The public prosecutor’s office in Bergamo rightly decided to dismiss charges brought by police against a man who had performed his own silent protest against the Sentinelle in Bergamo on October 5. He stood silently nearby dressed in a fake Nazi uniform taken from the movie “The Blues Brothers,” which featured the “Nazis of Illinois.” A sign at his feet read “The Nazis of Illinois stand with the Sentinelle.” The police had notified the public prosecutor’s office with a report suggesting he was guilty of being an apologist of fascism.

Organized, nonviolent public protest is a hallmark of a democratic society. The fundamental rights to freedom of expression, association, and peaceful assembly are firmly guaranteed in international and European law. Human rights law sets a high threshold for barring or punishing public demonstrations; unauthorized, annoying, or offensive peaceful protests can be perfectly legitimate. The United Nations special rapporteur on the rights to freedom of peaceful assembly and of association, Maina Kiai, has recommended to all countries that spontaneous assemblies should be permissible in law.

“Gay men and lesbian women kissing in public is not a crime,” Sunderland said. “The activists’ actions are clearly protected by their right to peaceful protest.”

The protests and counter-protests come at a time when the debate in Italy over same-sex marriage and civil unions has heated up.

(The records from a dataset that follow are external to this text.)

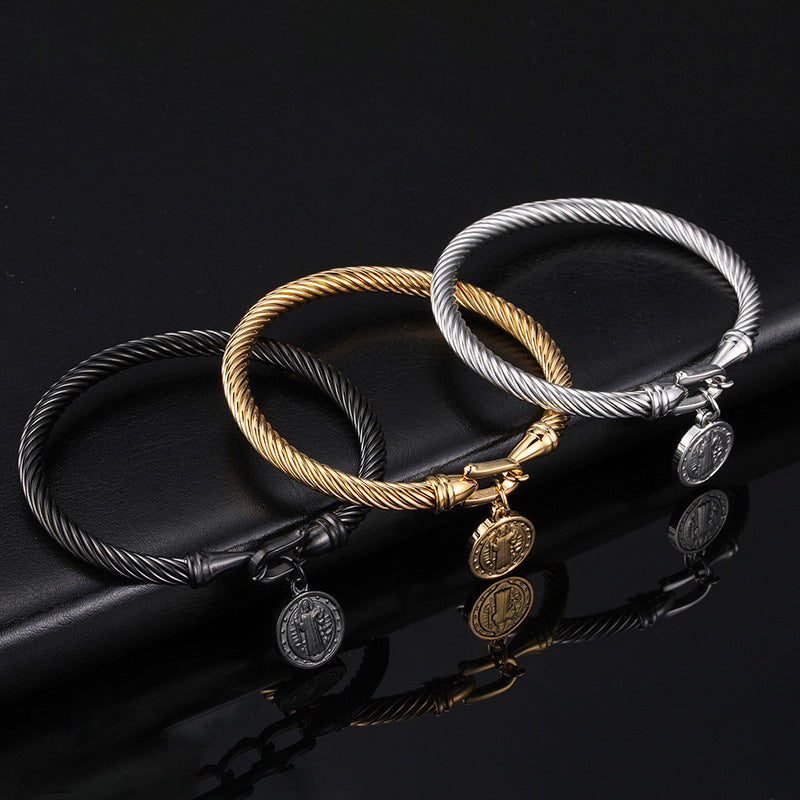 Stainless Steel Scripture & Cross Bangle Bracelet
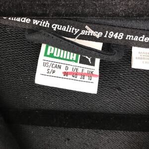 Puma Women's Small Full Zip Black Hooded Sweatshirt Satin Ribbon Stripe Back Tie
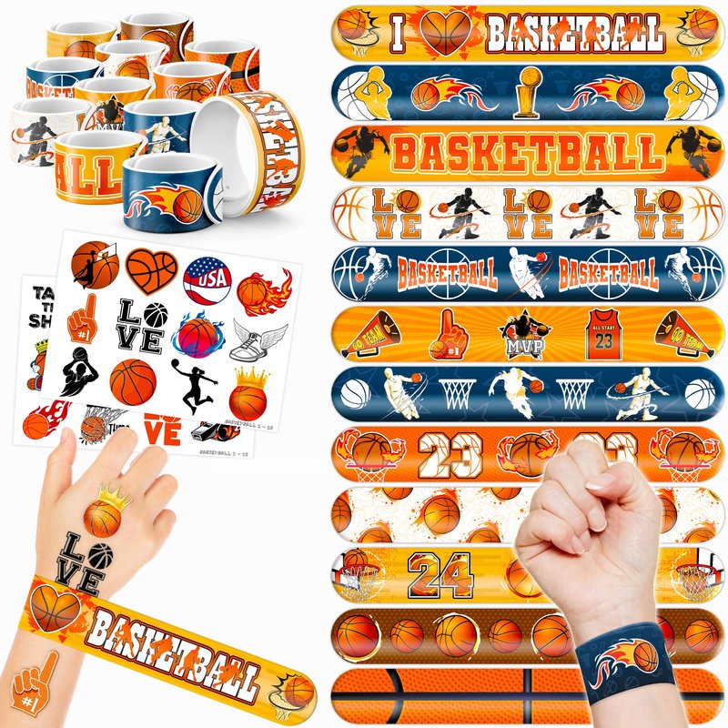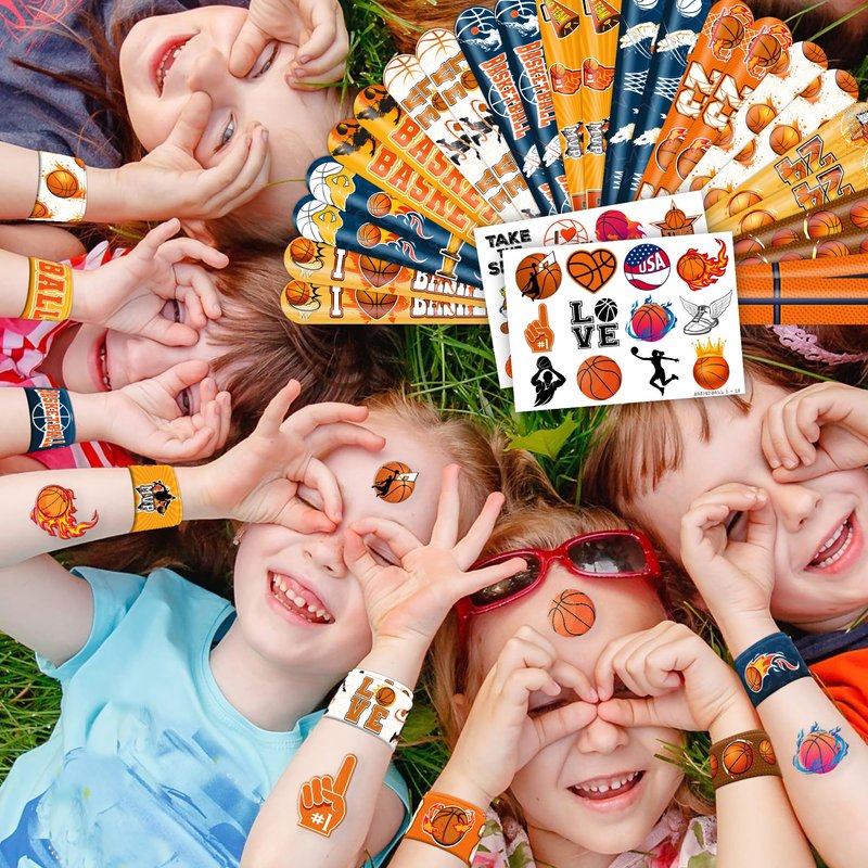 • šŸ˜œć€PERFECT GIFT FOR BASKETBALL ENTHUSIASTS怑: Our Basketball Temporary Tattoos and Slap Bracelets are the perfect gift for people of all ages, from kids to adults. Suitable for any occasion, they offer an affordable and delightful option. Whether for school events, birthdays, or stocking stuffers, this Basketball themed collection adds a fashionable and nostalgic element to anyone's accessory collection, invoking happiness and cherished memories.
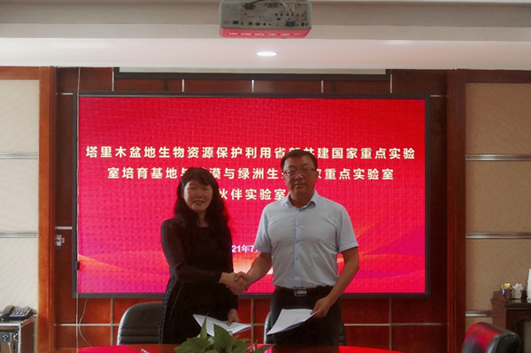 7月5日,中国科学院新疆生态与地理研究所“荒漠与绿洲生态国家重点实验室”与塔里木大学“塔里木盆地生物资源保护利用省部共建国家重点实验室培育基地”签订伙伴实验室协议。未来五年,双方将在师资队伍、人才培养、科学研究、服务社会能力和管理水平等方面开展合作。
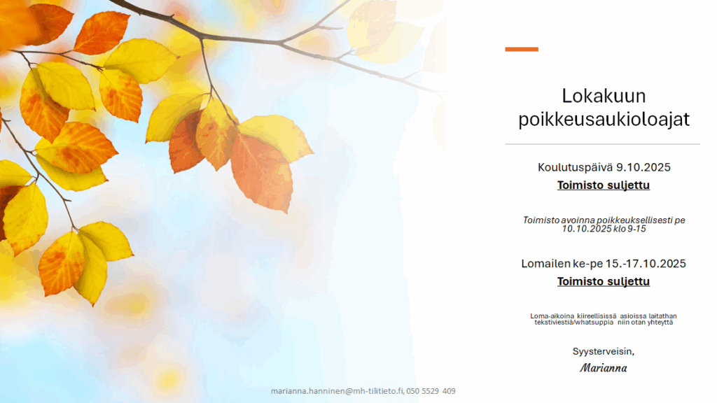 Lokakuun poikkeusaukioloajat!
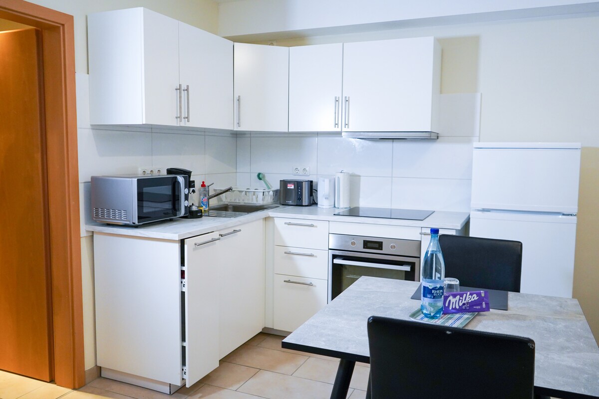 - Letto king-size da 180 cm - Benvenuti nei nostri moderni mini-appartamenti nel cuore di Kaiserslautern! Perfetti per giovani professionisti, studenti e pendolari, ogni unità è completamente attrezzata per le vostre esigenze quotidiane: angolo cottura con frigorifero, forno a microonde, macchina Nespresso e bollitore, un letto accogliente, smart TV e bagno privato con doccia. Goditi la posizione centrale, vicino all'università, ai negozi e ai mezzi pubblici. Aree comuni come la terrazza, la lavanderia e la hall completano l'offerta.
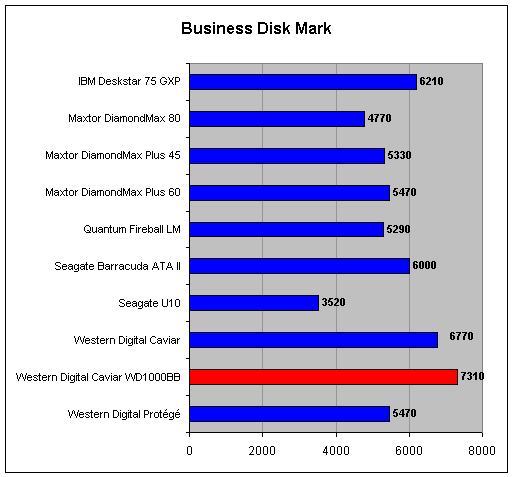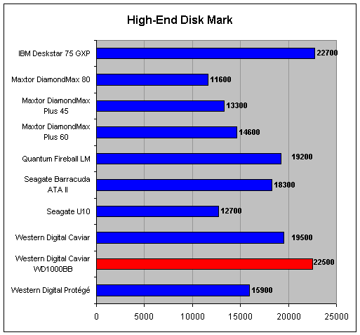 Hier moet het product van WD genoegen nemen met een respectabele tweede plaats op het erepodium. De eerste plaats wordt hier ingenomen door de IBM Deskstar 75 GXP. Al met al mag Western Digital zonder meer trots zijn op de prestaties van de nieuwe 100 GB harddisk.
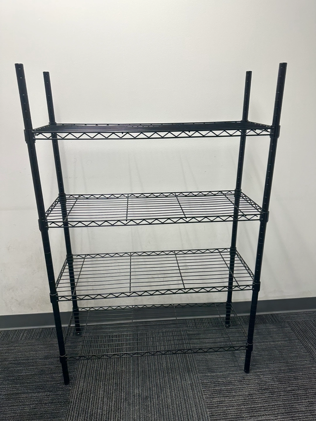 I'm selling a black wire shelving unit. It's in great condition and ready for a new home! Perfect for organizing your space, whether it's a closet, garage, or pantry. This sturdy unit offers ample storage with its multiple shelves.

Several cities, including Grosseto, Bologna, and Naples, have begun registering same-sex marriages contracted abroad. On October 7, Interior Minister Angelino Alfano issued a circular to all prefects – representatives of the Interior Ministry in Italy’s provinces – ordering them to require local authorities to withdraw any such measures and, in the case of inaction by the local authorities, to use their powers to annul ex officio such measures. After that date, Milan and Rome started registering same-sex marriages in defiance of the circular.

Prime Minister Matteo Renzi has said his government is preparing draft legislation to create civil unions for same-sex couples, while a bill for civil unions drafted by a member of parliament from Renzi’s Democratic Party has already been submitted to the Senate Justice Commission for examination. Flavio Romani, president of Arcigay, explained that LGBT groups in Italy aspire to full marriage equality, but that the civil unions as envisioned in the existing draft legislation would provide virtually the same rights and duties as marriage under Italian law.

“We won’t uncork the champagne,” he told Human Rights Watch. “But a big step forward is better than nothing. But it has to be a big step forward.”

Recognizing same-sex marriage is a measure of respect for the fundamental rights of equality and non-discrimination, Human Rights Watch said. Same-sex marriage is legal in seventeen countries worldwide, including nine in the European Union, as well as Norway and Iceland, which are not EU members, and in parts of Mexico and the United States. Thirteen EU countries recognize some form of civil unions for same-sex couples, either nationally or in some regions of the country. This includes some countries, like Spain, the Netherlands, and the United Kingdom, which also recognize same-sex marriage.